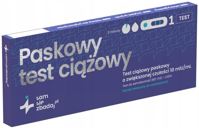 Test ciążowy z moczu paskowy - Samsiezbadaj Samsiezbadaj SamSięZbadaj.pl – Paskowy Test Ciążowy z Moczu – Szybkie Wykrywanie Ciąży Paskowy test ciążowy z moczu to szybki i dokładny sposób na wykrycie ciąży w warunkach domowych. Test działa na zasadzie chromatograficznego testu immunologicznego, który wykrywa obecność ludzkiej gonadotropiny kosmówkowej (hCG) w moczu. Ten hormon jest wskaźnikiem ciąży i jest obecny już w bardzo wczesnych jej stadiach. Co Zawiera Opakowanie Testu Ciążowego? 1x test paskowy 1x instrukcja obsługi Kiedy Wykonać Test Ciążowy z Moczu? Test ciążowy z moczu jest zalecany w przypadku podejrzenia ciąży. Wykonaj test, gdy: Zatrzymanie miesiączki – u kobiet w okresie rozrodczym lub przedmenopauzalnym. Wczesna ciąża i naturalne poronienie – jeśli istnieje potrzeba monitorowania dalszego rozwoju. Możliwość zapłodnienia – w drugiej połowie cyklu miesiączkowego. Badania z promieniowaniem jonizującym lub terapia wpływająca na płód – aby uniknąć potencjalnych zagrożeń. Jak Prawidłowo Wykonać Test Ciążowy? Przed użyciem testu doprowadź go do temperatury pokojowej. Wyjmij pasek testowy z opakowania i użyj go w ciągu godziny. Zanurz pasek w próbce moczu, nie przekraczając linii oznaczonej jako maksimum. Po 15 sekundach wyjmij pasek testowy z moczu lub zostaw go w próbce, uruchamiając stoper. Odczytaj wynik po 3 minutach. Nie interpretuj wyniku po upływie 10 minut. Dokładność Testu Ciążowego Paskowy test ciążowy ma wysoką dokładność wynoszącą 99%, co pozwala na szybkie i pewne wykrycie ciąży. Przeciwwskazania i Środki Ostrożności Przed użyciem zapoznaj się z treścią ulotki dołączonej do opakowania. W przypadku pozytywnego wyniku testu skonsultuj się z lekarzem. Przechowuj test w miejscu niedostępnym dla dzieci. Przed użyciem wyrobu należy zapoznać się z treścią ulotki dołączonej do opakowania. w zestawie instrukcja w języku polskim Numer jednostki notyfikującej 0123 Produkt zawiera deklarację zgodności UE Certyfikat CE widoczny jest na zdjęciach Etykieta, oznakowanie, instrukcja obsługi oraz interfejs użytkownika są w języku polskim Testy są do samokontroli/samodzielnego wykonania w warunkach domowych. Test nie zawiera substancji niedozwolonych Oferowany produkt jest wyrobem medycznym jednorazowego użytku oznaczonym znakiem CE. Używaj go zgodnie z instrukcją używania lub etykietą SamSięZbadaj.pl Paskowy test ciążowy (mocz) to szybki chromatograficzny test immunologiczny do jakościowego wykrywania ludzkiej gonadotropiny kosmówkowej (hCG) w moczu pacjenta w celu wczesnego wykrycia ciąży.
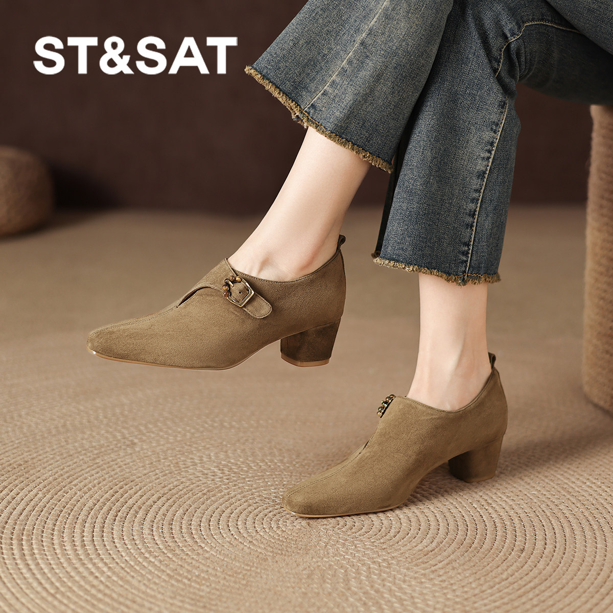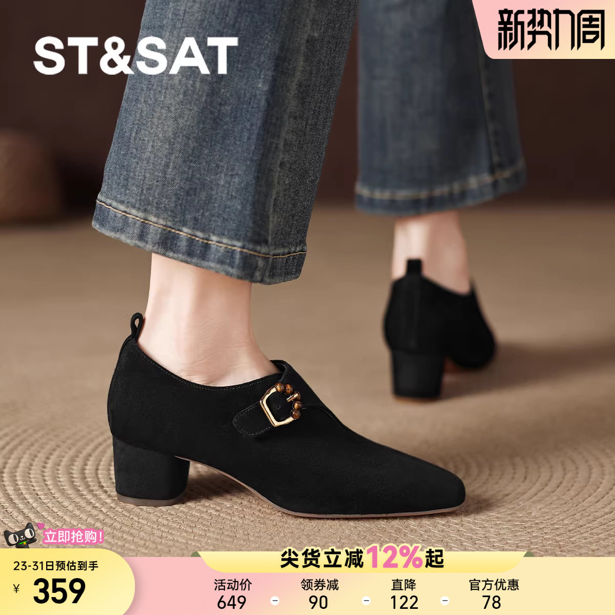 星期六羊皮短靴女款新款秋冬法式粗跟踝靴女士深口单鞋妈妈鞋
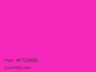 Hex #f528bb Color is a normal magenta color and the nearest color is Razzle Dazzle Rose #ff33cc. Hex code #f528bb and RGB value is rgb(245,40,187). In RGB color space, this color is composed of 96% red, 16% green, 73% blue, In CMYK color space, this color is composed of 0% cyan, 84% magenta, 24% yellow , 4% black , In HSL color space, this color has a hue angle of 317° , 91% saturation and 56% lightness.
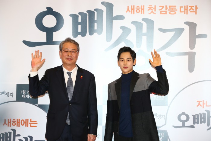 이날 임종룡 위원장은 핀테크 홍보대사로 활동하고 있는 배우 임시완 응원차 시사회에 참석했는데, 행사에는 임종룡 위원장 외에 서태종 금융감독원 수석 부원장, 하영구 은행연합회장, 황영기 금융투자협회장, 이광구 우리은행장, 권선주 기업은행장 등 각 협회장 및 금융권 CEO들이 참석했다.18일 서울 삼성동 코엑스 메가박스에서 열린 영화 '오빠생각' VIP시사회에서 임종룡 금융위원장(사진 왼쪽)이 핀테크 홍보대사인 배우 임시완이 포즈를 취하고 있다.<사진제공=금융위원회>
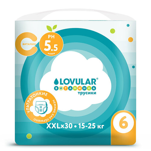ГлавнаяДля детейПодгузникиТрусики-подгузники Lovular Витаминка XXL 15-25 кг, 30 шт Трусики-подгузники Lovular Витаминка XXL 15-25 кг, 30 шт
***
WORK TO COMPLETE: Each entry must be reproduced word for word, and any image among them left out.

THE ANSWER:
 Test ciążowy z moczu paskowy - Samsiezbadaj Samsiezbadaj SamSięZbadaj.pl – Paskowy Test Ciążowy z Moczu – Szybkie Wykrywanie Ciąży Paskowy test ciążowy z moczu to szybki i dokładny sposób na wykrycie ciąży w warunkach domowych. Test działa na zasadzie chromatograficznego testu immunologicznego, który wykrywa obecność ludzkiej gonadotropiny kosmówkowej (hCG) w moczu. Ten hormon jest wskaźnikiem ciąży i jest obecny już w bardzo wczesnych jej stadiach. Co Zawiera Opakowanie Testu Ciążowego? 1x test paskowy 1x instrukcja obsługi Kiedy Wykonać Test Ciążowy z Moczu? Test ciążowy z moczu jest zalecany w przypadku podejrzenia ciąży. Wykonaj test, gdy: Zatrzymanie miesiączki – u kobiet w okresie rozrodczym lub przedmenopauzalnym. Wczesna ciąża i naturalne poronienie – jeśli istnieje potrzeba monitorowania dalszego rozwoju. Możliwość zapłodnienia – w drugiej połowie cyklu miesiączkowego. Badania z promieniowaniem jonizującym lub terapia wpływająca na płód – aby uniknąć potencjalnych zagrożeń. Jak Prawidłowo Wykonać Test Ciążowy? Przed użyciem testu doprowadź go do temperatury pokojowej. Wyjmij pasek testowy z opakowania i użyj go w ciągu godziny. Zanurz pasek w próbce moczu, nie przekraczając linii oznaczonej jako maksimum. Po 15 sekundach wyjmij pasek testowy z moczu lub zostaw go w próbce, uruchamiając stoper. Odczytaj wynik po 3 minutach. Nie interpretuj wyniku po upływie 10 minut. Dokładność Testu Ciążowego Paskowy test ciążowy ma wysoką dokładność wynoszącą 99%, co pozwala na szybkie i pewne wykrycie ciąży. Przeciwwskazania i Środki Ostrożności Przed użyciem zapoznaj się z treścią ulotki dołączonej do opakowania. W przypadku pozytywnego wyniku testu skonsultuj się z lekarzem. Przechowuj test w miejscu niedostępnym dla dzieci. Przed użyciem wyrobu należy zapoznać się z treścią ulotki dołączonej do opakowania. w zestawie instrukcja w języku polskim Numer jednostki notyfikującej 0123 Produkt zawiera deklarację zgodności UE Certyfikat CE widoczny jest na zdjęciach Etykieta, oznakowanie, instrukcja obsługi oraz interfejs użytkownika są w języku polskim Testy są do samokontroli/samodzielnego wykonania w warunkach domowych. Test nie zawiera substancji niedozwolonych Oferowany produkt jest wyrobem medycznym jednorazowego użytku oznaczonym znakiem CE. Używaj go zgodnie z instrukcją używania lub etykietą SamSięZbadaj.pl Paskowy test ciążowy (mocz) to szybki chromatograficzny test immunologiczny do jakościowego wykrywania ludzkiej gonadotropiny kosmówkowej (hCG) w moczu pacjenta w celu wczesnego wykrycia ciąży.
 星期六羊皮短靴女款新款秋冬法式粗跟踝靴女士深口单鞋妈妈鞋
 Hex #f528bb Color is a normal magenta color and the nearest color is Razzle Dazzle Rose #ff33cc. Hex code #f528bb and RGB value is rgb(245,40,187). In RGB color space, this color is composed of 96% red, 16% green, 73% blue, In CMYK color space, this color is composed of 0% cyan, 84% magenta, 24% yellow , 4% black , In HSL color space, this color has a hue angle of 317° , 91% saturation and 56% lightness.
 이날 임종룡 위원장은 핀테크 홍보대사로 활동하고 있는 배우 임시완 응원차 시사회에 참석했는데, 행사에는 임종룡 위원장 외에 서태종 금융감독원 수석 부원장, 하영구 은행연합회장, 황영기 금융투자협회장, 이광구 우리은행장, 권선주 기업은행장 등 각 협회장 및 금융권 CEO들이 참석했다.18일 서울 삼성동 코엑스 메가박스에서 열린 영화 '오빠생각' VIP시사회에서 임종룡 금융위원장(사진 왼쪽)이 핀테크 홍보대사인 배우 임시완이 포즈를 취하고 있다.<사진제공=금융위원회>
ГлавнаяДля детейПодгузникиТрусики-подгузники Lovular Витаминка XXL 15-25 кг, 30 шт Трусики-подгузники Lovular Витаминка XXL 15-25 кг, 30 шт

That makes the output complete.